In recognition of Plater's leadership, the American Association of State Colleges and Universities in 2006 established the William M. Plater Award for Leadership in Civic Engagement, the only national award for chief academic officers. IUPUI established the William M. Plater Civic Engagement Medallion, also in 2006, to recognize outstanding graduates at baccalaureate through PhD levels for their community service. Plater was one of the inaugural members of the national advisory panel for the Carnegie Classification for Community Engagement. Plater was recognized with the “Spirit of Philanthropy” Award for community engagement work in 2009 and by Mayor of Indianapolis Bart Peterson with the Mayor's Community Service Award in 2006. In Indiana, he served his community through memberships on several boards, including the internationally renowned Children's Museum, the Indiana Humanities Council, The Indiana Repertory Theater, Metropolitan Indianapolis Public Broadcasting, and the American Red Cross of Greater Indianapolis.

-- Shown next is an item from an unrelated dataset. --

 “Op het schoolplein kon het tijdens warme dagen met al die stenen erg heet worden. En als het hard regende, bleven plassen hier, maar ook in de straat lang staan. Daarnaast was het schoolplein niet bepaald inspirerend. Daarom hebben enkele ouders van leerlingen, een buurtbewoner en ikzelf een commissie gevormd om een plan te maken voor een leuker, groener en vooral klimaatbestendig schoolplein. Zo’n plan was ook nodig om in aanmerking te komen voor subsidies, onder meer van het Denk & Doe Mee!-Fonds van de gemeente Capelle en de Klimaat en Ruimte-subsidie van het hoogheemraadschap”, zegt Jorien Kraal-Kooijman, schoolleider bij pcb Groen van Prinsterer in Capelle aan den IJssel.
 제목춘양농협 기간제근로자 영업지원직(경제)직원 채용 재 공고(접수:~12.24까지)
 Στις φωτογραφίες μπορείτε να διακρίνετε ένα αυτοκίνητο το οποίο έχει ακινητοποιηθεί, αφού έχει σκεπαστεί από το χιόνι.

==Educational technology==
Anticipating the convergence of information and computing technologies (academic and administrative), Plater led in the reorganization of these service units into an integrated technologies unit at IUPUI and championed the development of a library information system that propelled the IUPUI University Library into an international leadership role in digital information resources. Plater authorized the creation of the IUPUI Cyber Lab, which in turn produced several major learning technologies, including OnCourse (1996) that became the foundation for Sakai, ANGEL Learning (2000) that was acquired by Blackboard in 2009, Epsilen (2010) that was acquired by The New York Times and sold to ConnectEDU in 2012, and Course Networking (2012). Plater served as Senior Consultant for Higher Education Strategies at Epsilen and on the NYT Epsilen board (2010–2011), Senior Advisor for Education Strategies at Course Networking (2011–2012), and the Course Networking advisory board (2014 -). Plater provided administrative leadership for the creation of the New Media Program that was incorporated into the IU School of Informatics in 2006 as a foundational program. Plater arranged for the creation of the Global Classroom at IUPUI to facilitate transnational learning opportunities using evolving forms of communication technologies. Plater has written extensively on the impact of technology on student learning. In 2010, Purdue University awarded Plater an Honorary Doctor of Humane Letters for his role in promoting the effective use of technology in learning.

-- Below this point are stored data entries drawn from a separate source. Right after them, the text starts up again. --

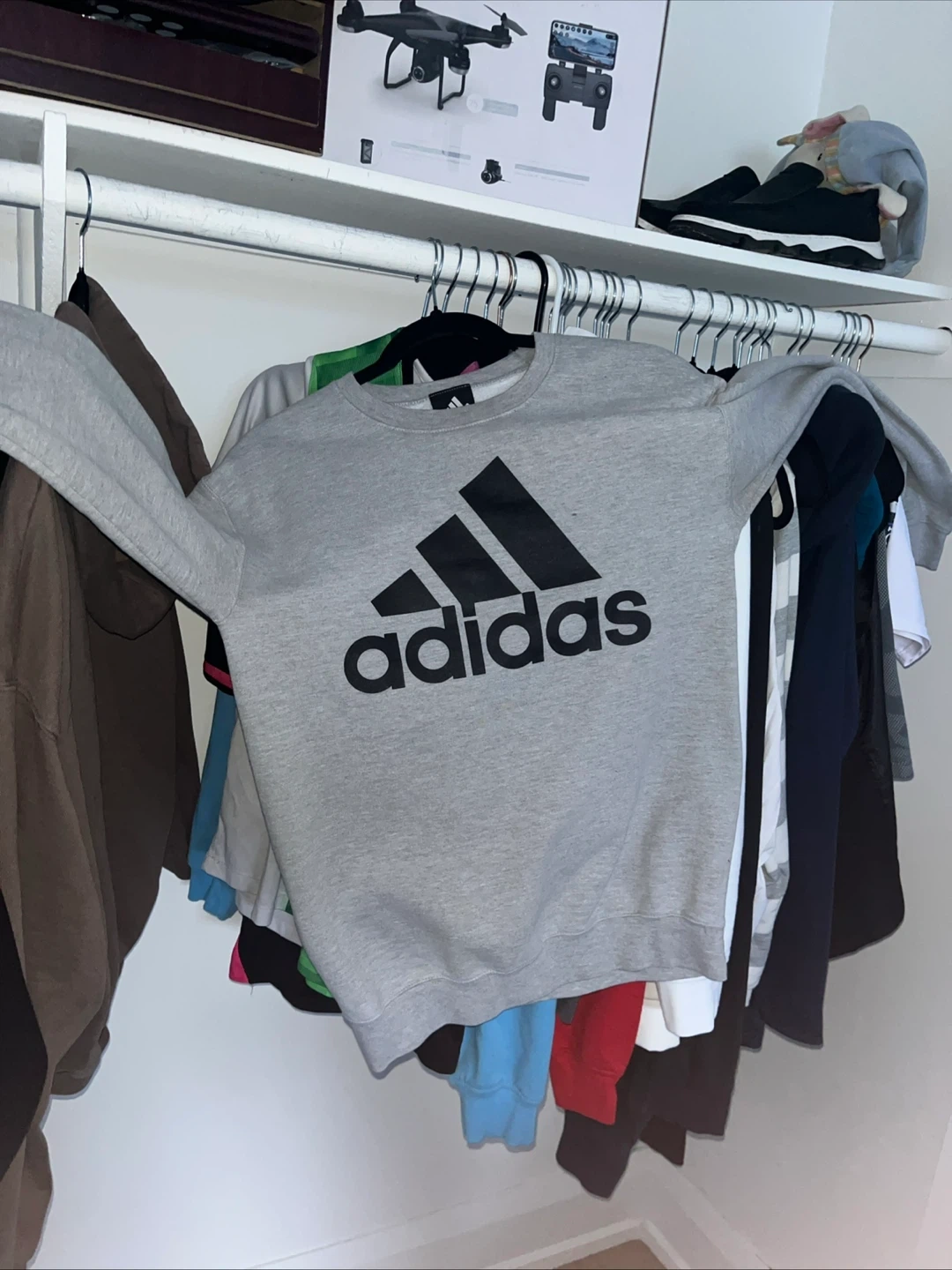 This is a grey crewneck sweatshirt from Adidas. It features the iconic Adidas logo on the front. Made from a comfortable cotton blend.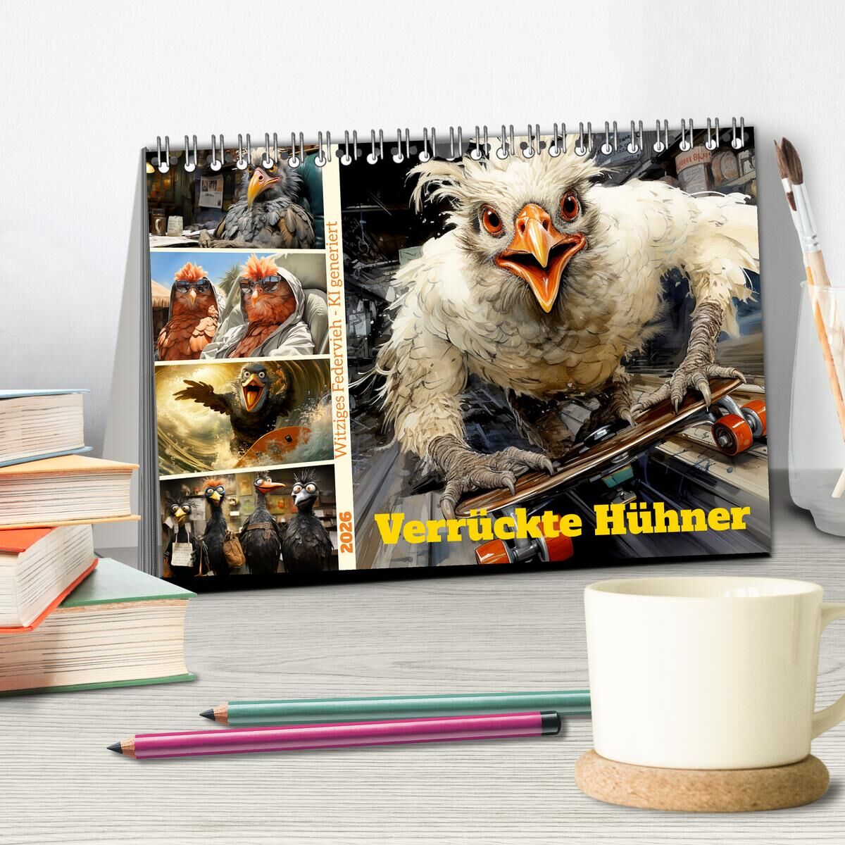 Verrückte Hühner (Tischkalender 2026 DIN A5 quer), CALVENDO Monatskalender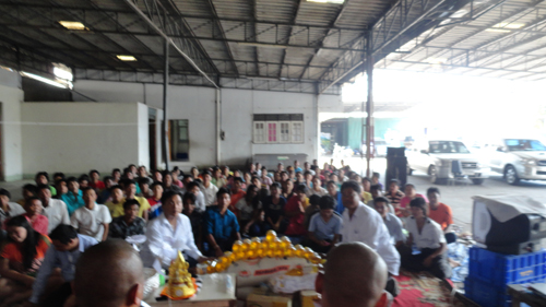 ၃.၁.၂၀၁၃.ေန႔တြင္ ထိုင္းႏိုင္ငံ စုဖန္ဘူရီခရိုင္ရွိ နာနတ္သီးစက္ရံု၌ အခက္ခဲႏွင့္ ၾကံဳေတြ႔ေနရေသာ ျမန္မာေရႊ႕ေျပာင္းအလုပ္သမား၂၅၀ကို ကူညီမႈတစ္ခုျပဳလုပ္ခဲ႕သည္။ ထို၂၅၀အလုပ္သမားမ်ားမွာ လြန္ခဲ႕ေသာ ေလးလခန္႔က ျမဝတီမွ အလုပ္သမား ပါတ္စပို႔လုပ္ၿပီး တက္ လာခဲ႔ၾကသူမ်ား ျဖစ္သည္။ ၄င္းအလုပ္သမားမ်ားသည္ သူေဌးသံုးဦးစပ္ျဖင္႔ ဖြင့္လွစ္ထားေသာ စက္ရံုတြင္ အလုပ္လုပ္ကိုင္ေနၾကသည္။ ထိုင္းပိုင္ရွင္သူေဌးသံုးဦးတြင္ ပိုက္ဆံရွိေသာ သူေဌးတစ္ဦး ႏွဳတ္ထြက္သြားသျဖင့္ က်န္ပိုင္ရွင္၂ဦးက အလုပ္သမားမ်ားအား ေငြေၾကးလုပ္ခ မေပးႏိုင္သျဖင့္ အခက္ခဲျဖစ္ေနၾကသည္။ ၄င္းကိစၥကို စက္ရံုရွိ ျမန္မာမန္ေနဂ်ာမွ ရက္၂၀ခန္႔ ေငြေၾကးစိုက္ထုတ္ ကူညီထားသည္။ ရက္ရွည္ၾကာလာေသာအခါ ျပည့္စံုေအာင္ မကူညီႏိုင္ေတာ့သျဖင့္ ကူညီကယ္ဆယ္ေရးဆရေတာ္ကို ဆက္သြယ္လာျခင္းျဖစ္သည္။ ျမန္မာအလုပ္သမားမ်ားကို ကူညီေရးႏွင့္ကယ္ဆယ္ေရးေဆာင္ရြက္ေပးေနေသာ ဘန္ေကာက္ရွိ ဆရာေတာ္ဦးေဇာတိကမွ ၃.၁. ၂၀၁၃ ေန႔တြင္ ဆန္ငါးအိပ္ႏွင့္ ဆီပိႆာေလးဆယ္ လွဴဒါန္းကူညီခဲ့သည္။

==International higher education==
Over a period of 20 years, Plater led the establishment and expansion of the Office of International Affairs at IUPUI into one of the nation's exemplars of internationalization among urban serving universities, a role recognized with the Institute of International Education Andrew Heiskell Award for Innovation in International Education in 2009 for its strategic partnerships. Plater's role was recognized in 2006 with the establishment of the Plater International Scholars Program. Plater led the Center on Philanthropy international programs from 2006 to 2010, developing extensive relationships with foundations, academic centers, and nonprofit programs in several nations including China, Egypt, Thailand, and Kenya. IU awarded the John W. Ryan Award for Distinguished Contributions to International Programs to Plater in 2009. Plater's work in international philanthropy was recognized by the National Institute of Development Administration’s awarding of an Honorary Doctor of Philosophy in Development Administration presented by Her Royal Highness Princess Maha Chakri Sirindhorn of Thailand in 2010. Serving as a Commissioner of the Western Association of Schools and Colleges Senior Accrediting Commission, Plater led the Commission's expansion of its international programs, resulting in a policy decision to accept applications from institutions in other nations. Plater then joined the WASC staff as Senior Advisor for International Affairs, serving from 2012 to 2014.